When I quit smoking in my 30s, I saved myself from possible lung cancer. People with pre-diabetes are prone to various cancers, including cancer of the esophagus. I’d already done that. Got a reprieve. Didn’t want to go there again. Then with Type 2 diabetes, there’s a good chance of heart disease and dementia, especially Alzheimer’s. I have seen people I love, in their 60s, 70s and 80s suffer and die with these diseases. All of them were overweight. All of them had metabolic syndrome. Science has proven that these life-ending diseases are preventable, but only if you catch the culprit that creates every one of them: pre-diabetes.
Today
A little over two weeks ago, I decided to go very low carb until I could zip my size 10 jeans again. That happened within a week. In 17 days I lost 7 pounds. My first goal was to drop the 10 pounds I gained since last Thanksgiving and I am well on my way. There’s also my glucose testing next month. I don’t want yet another bad sugar report. I noticed another benefit of giving up “bad” carbs: I no longer crave sugar OR carbs. I no longer lose control and binge on anything in my pantry that contains mostly carbs. For the first time in forever, I can have cookies, bread, rice, potatoes, crackers, muffins, donuts and every other bad-for-me foods in the house for my husband, who has been the same healthy size since we married.

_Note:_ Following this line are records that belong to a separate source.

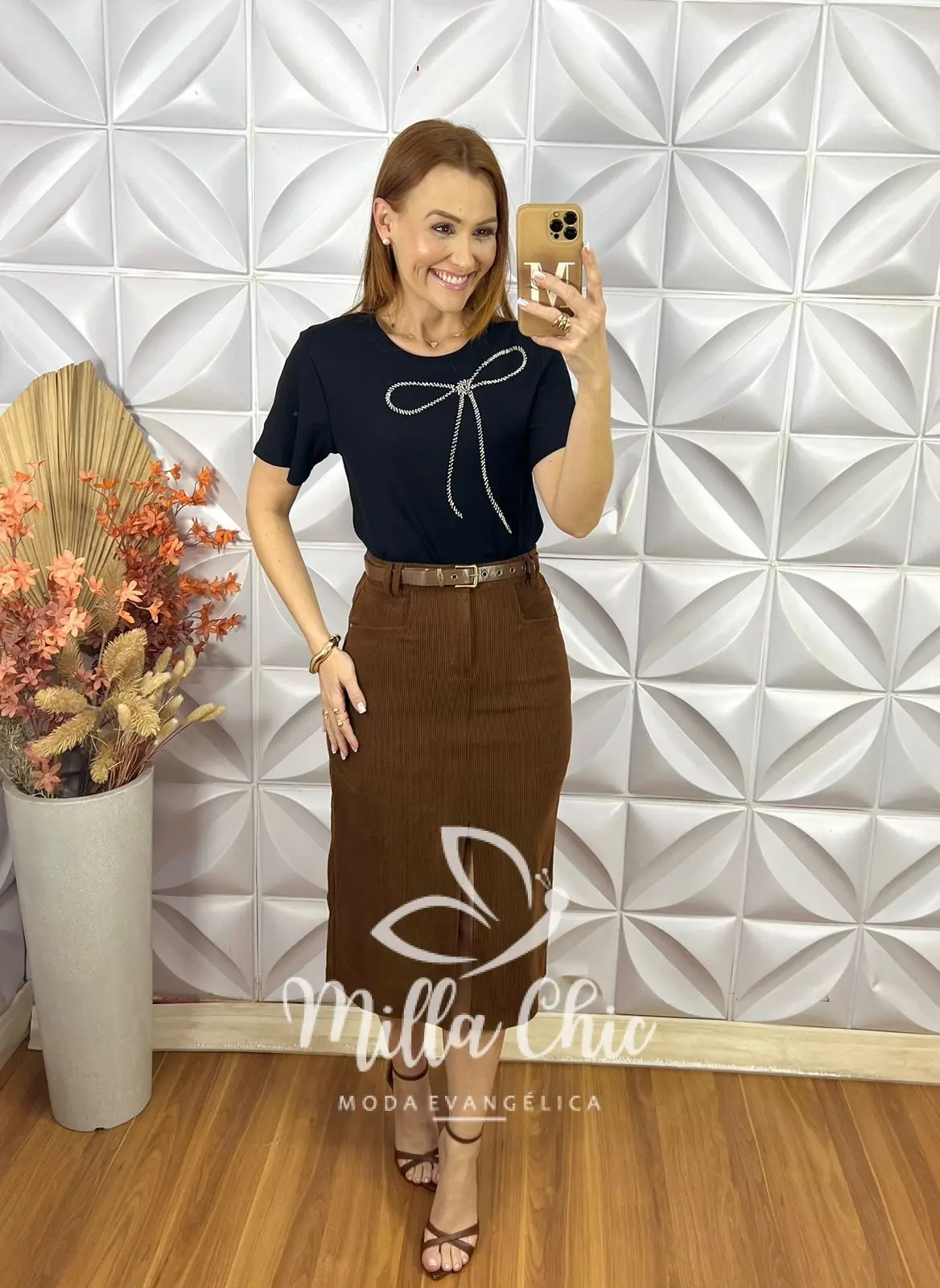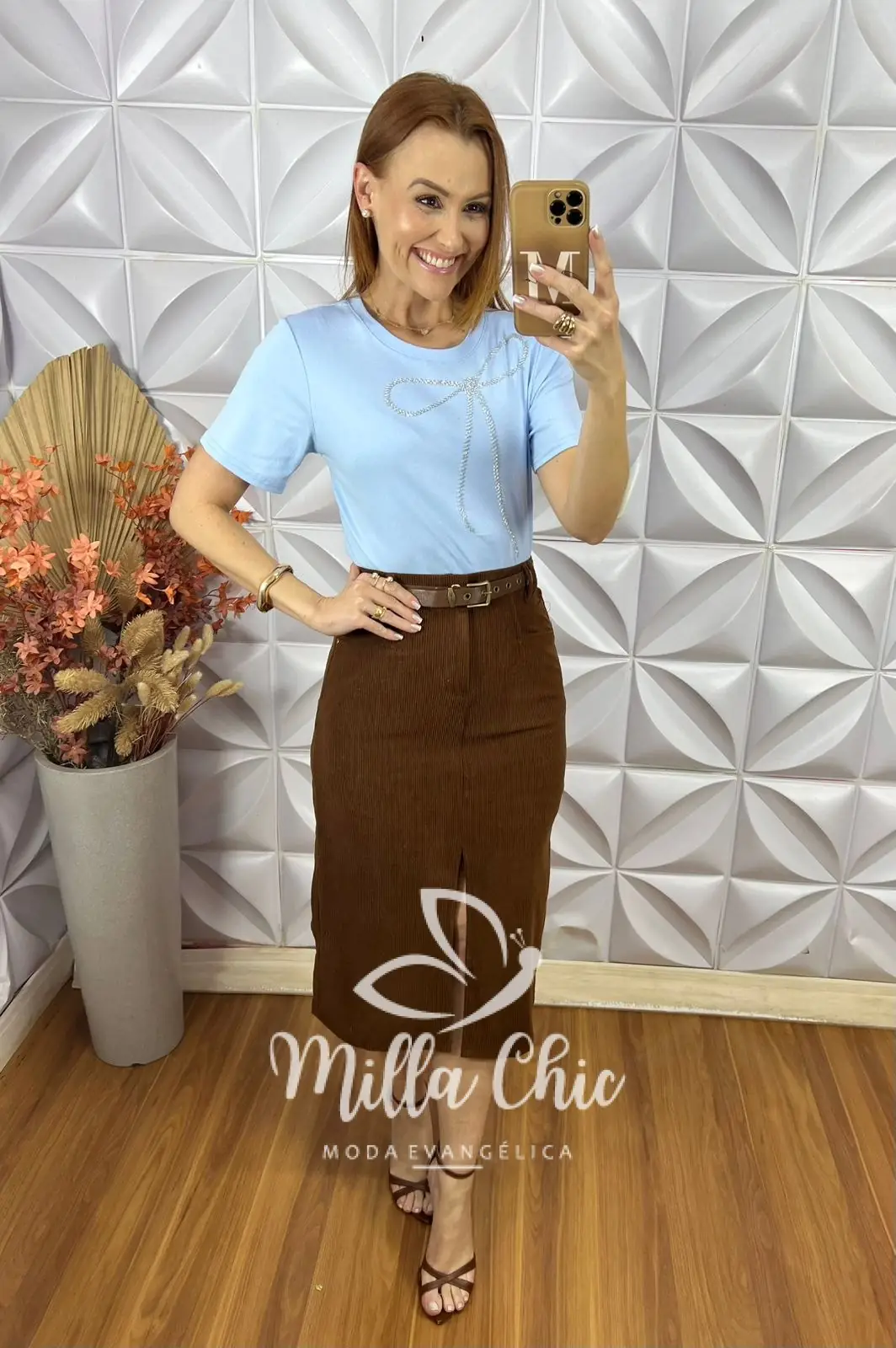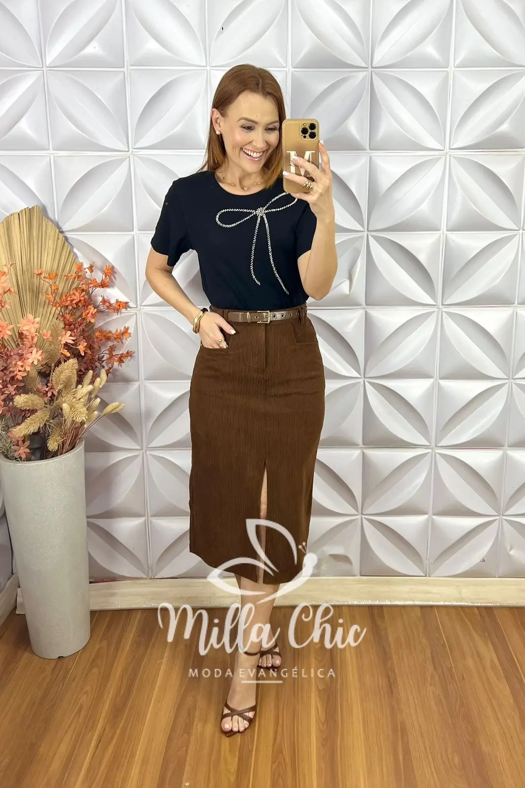 Pensa em uma saia que você pode montar vários looks que vão desde um passeio no shopping ao culto . E nos dias mais frios com uma meia e uma bota fica perfeita.
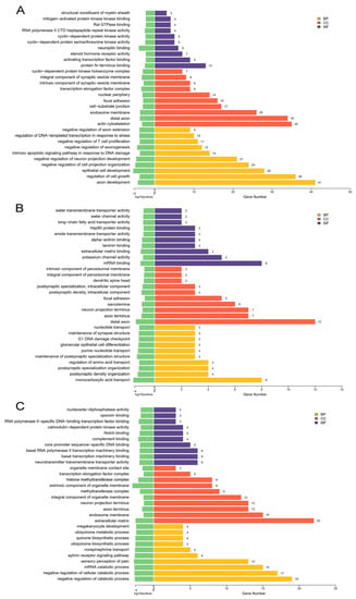 GO analysis of target genes. The top 30 GO terms of target genes in the T-2 group vs. the control group (A), the T-2 + SeMet group vs. the control group (B) and the T-2 + SeMet group vs. the T-2 group (C). The BP represents biological process, CC represents cellular component, and MF represents molecular function. The threshold of significance was p < 0.05, n = 3.
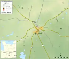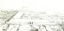 Archeologists found the necropolis of the city, which makes it possible to place in a rather definite way the limits of the city's influence. However, traces of organization beyond its western limits have raised doubt, although archaeologists have cautiously considered these traces related to a centuriation of the surrounding countryside.[25] According to Jacques Naveau, "the main feature of this plan is the alignment of public buildings along a north-south axis, which seems central" over a length of 800 meters.[25][24] He also links this alignment to the religious origin of the city.[26]
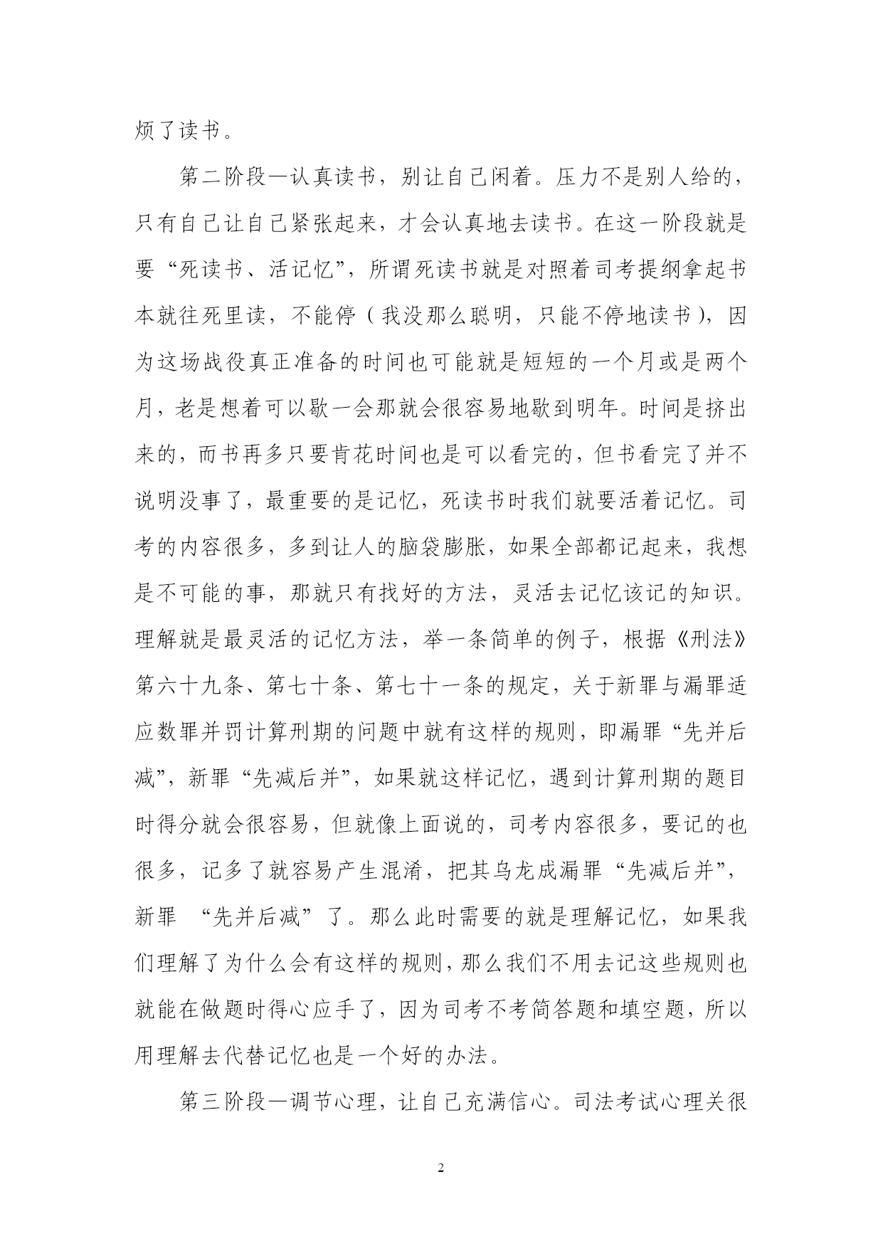 胜利的战役——浅谈我的司考经验秋风瑟瑟,硕果累累,在这秋高气爽的季节里,农民伯伯们收割着金灿灿的稻谷,而我也在人生的大战役中告捷,此时此刻的我也卸下了司考的重剑,迎接着新的挑战!炎热的夏天已成惯常,没有人会过多地抱怨它的突然到来,因为很多人都在此时紧张地备战着,无暇顾虑。将近2个月的日夜奋战,为的就是在两天内拿下360这个难啃的山头。当从司令部得知战火停息,对方无条件投降时,我惊呆了片刻高兴了许久。在此,我与大家分享获胜的喜悦,把个中经验一一道来,与共患难的战友们共勉!第一阶段—了解书本,把自己投身于战场。面对司考这场大战,我们绝不能乱了阵脚,在买到书本后的第一件事应该是让自己有要进行司考的心理准备,那就是要先带着投身司考的心态去读第一遍书,让自己头脑里有几分司考卷土而来的紧张氛围。面对着厚厚的十多本书,或许会让人感到厌烦,如果一头扎进去猛攻猛读,或许会让人烦上加烦。这时就要调整好读书心态,先粗略地把这些书本全部过一遍,不要求去记忆些什么,只要让自己知道司法考试要考的是什么就行了。司法考试考完之后会让人疲惫的身心得到解放,也正是这样,先前复习的东西不能等到下次复习时再用,就算是对其无比熟悉,在考完之后都会变得生疏,而对于没有参加过司考的考生就更生疏了。因此,第一阶段的作战就是把自己投身于司考,不让自己因为要记忆的东西太多而厌烦了读书。第二阶段—认真读书,别让自己闲着。压力不是别人给的,只有自己让自己紧张起来,才会认真地去读书。在这一阶段就是要“死读书、活记忆”,所谓死读书就是对照着司考提纲拿起书本就往死里读,不能停(我没那么聪明,只能不停地读书),因为这场战役真正准备的时间也可能就是短短的一个月或是两个月,老是想着可以歇一会那就会很容易地歇到明年。时间是挤出来的,而书再多只要肯花时间也是可以看完的,但书看完了并不说明没事了,最重要的是记忆,死读书时我们就要活着记忆。司考的内容很多,多到让人的脑袋膨胀,如果全部都记起来,我想是不可能的事,那就只有找好的方法,灵活去记忆该记的知识。理解就是最灵活的记忆方法,举一条简单的例子,根据《刑法》第六十九条、第七十条、第七十一条的规定,关于新罪与漏罪适应数罪并罚计算刑期的问题中就有这样的规则,即漏罪“先并后减”,新罪“先减后并”,如果就这样记忆,遇到计算刑期的题目时得分就会很容易,但就像上面说的,司考内容很多,要记的也很多,记多了就容易产生混淆,把其乌龙成漏罪“先减后并”,新罪“先并后减”了。那么此时需要的就是理解记忆,如果我们理解了为什么会有这样的规则,那么我们不用去记这些规则也就能在做题时得心应手了,因为司考不考简答题和填空题,所以用理解去代替记忆也是一个好的办法。第三阶段—调节心理,让自己充满信心。司法考试心理关很重要,是司考的关键环节,很多人在第二阶段做得很好,什么都读懂了,也都记得了,但一到上战场时就泄气了,心理调节不好,那就真实功亏一篑啊。其实心理调节不只是在考试时需要,在读书的后期也需要。最后冲刺阶段会让人感觉到不安,特别是在做题目时,如果做的题目错得多,就很可能会让人崩溃,想着放弃,这时就要调节好自己的心理状态,让自己想着,既然自己那么努力去读书了,考试时就一定能行,让自己内心充满自信,这样才能在最后冲刺阶段形成真正的冲刺,要不然在冲刺阶段心灰意冷了,那就真是关键时刻掉链子了。当然考试时的心理调节也很重要,有些人会用玩的方式来调节心理,我觉得这样不是很好,因为太过让自己放松会让自己忘记一些本来记忆就不是很清楚的东西,但也不能在考前认真地去读书,因为那时候的心态根本不适合长时间紧张地去读书。我是这样调节心理的,先是玩一下,让自己感到很轻松,心情舒畅,玩到一定时间了就读书,巩固自己记忆混淆或是记忆模糊的知识点,让自己稍微紧张起来,这样形成一个松紧适合,松弛有度的考试氛围,自己的信心也就油然而生了。通过自己的不懈努力,终于通过了司法考试,但饮水不忘挖井人,这次司考的成功少不了领导们的关心,他们的支持给我增添了不少压力,而这些压力也正是促使我认真读书的动力源泉。在这里,我要感谢所有关心、支持我的人。在与大家分享经验的同时,我也衷心祝愿昔日的战友能够早日顺利通过司考。
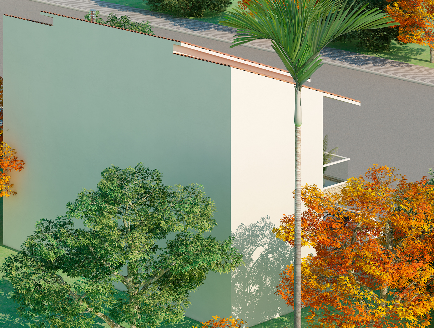 Com elementos tropicais como palmeiras e árvores de folhas coloridas, o projeto se adapta perfeitamente a regiões de clima quente. A combinação entre arquitetura limpa e natureza cria um ambiente harmonioso e convidativo.
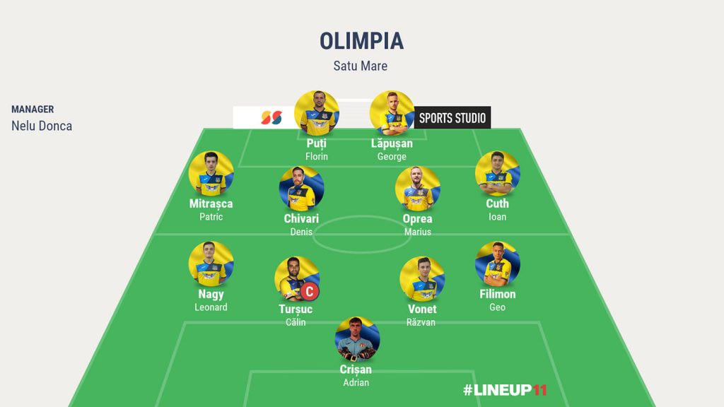 Olimpia a început meciul aliniind următorul unsprezece: Crisan – Nagy, Tursuc, Vonet, Filimon – Mitrasca, Chivari, Oprea, Cuth – Puti, Lapusan
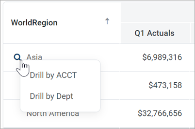 Directed: Users can drill to view the underlying data based on predefined drilling paths. The report designer defines the available drilling paths and can configure certain display attributes for the drill.
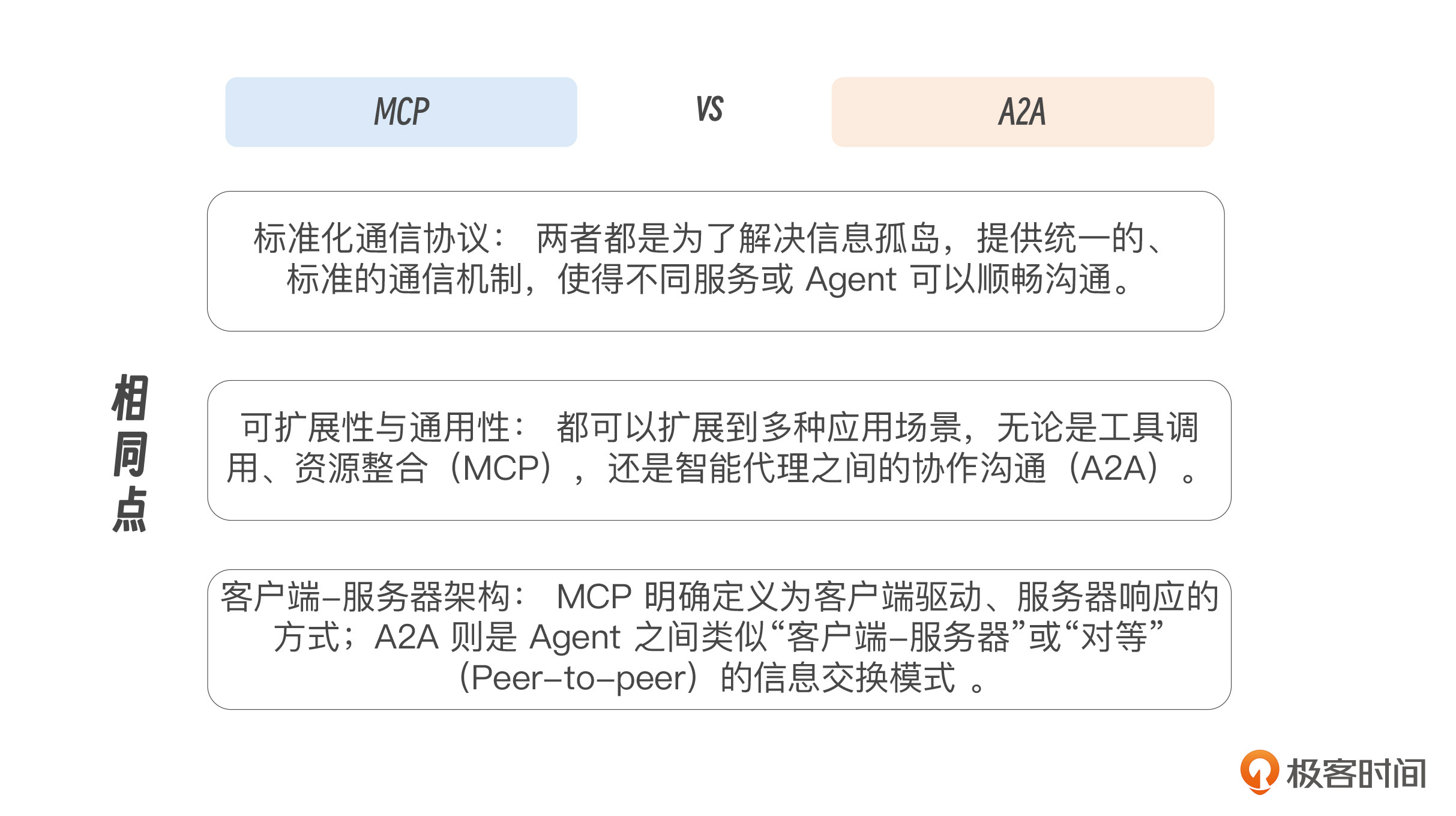 MCP让AI能更好的使用外部工具的协议,A2A是为了让不同Agent更好的协作,这些都是技术层面的。
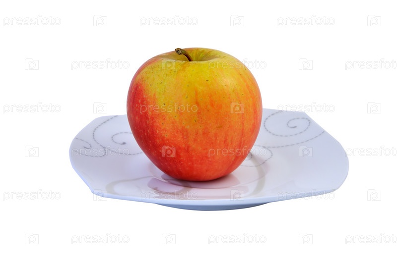 Красное яблоко на тарелке

He’s one of the lucky people who does not have the propensity to gain weight when eating carbs. I’m not so it is good-bye to bad carbs forever. I’m pretty sure this time I will stick to the diet, because if I don’t, the rest of my life, as I envision it, with good health and great energy, will be over. I strongly believe (it only took a couple of decades to sink in) that if I correct my body’s insulin resistance, the best is yet to come.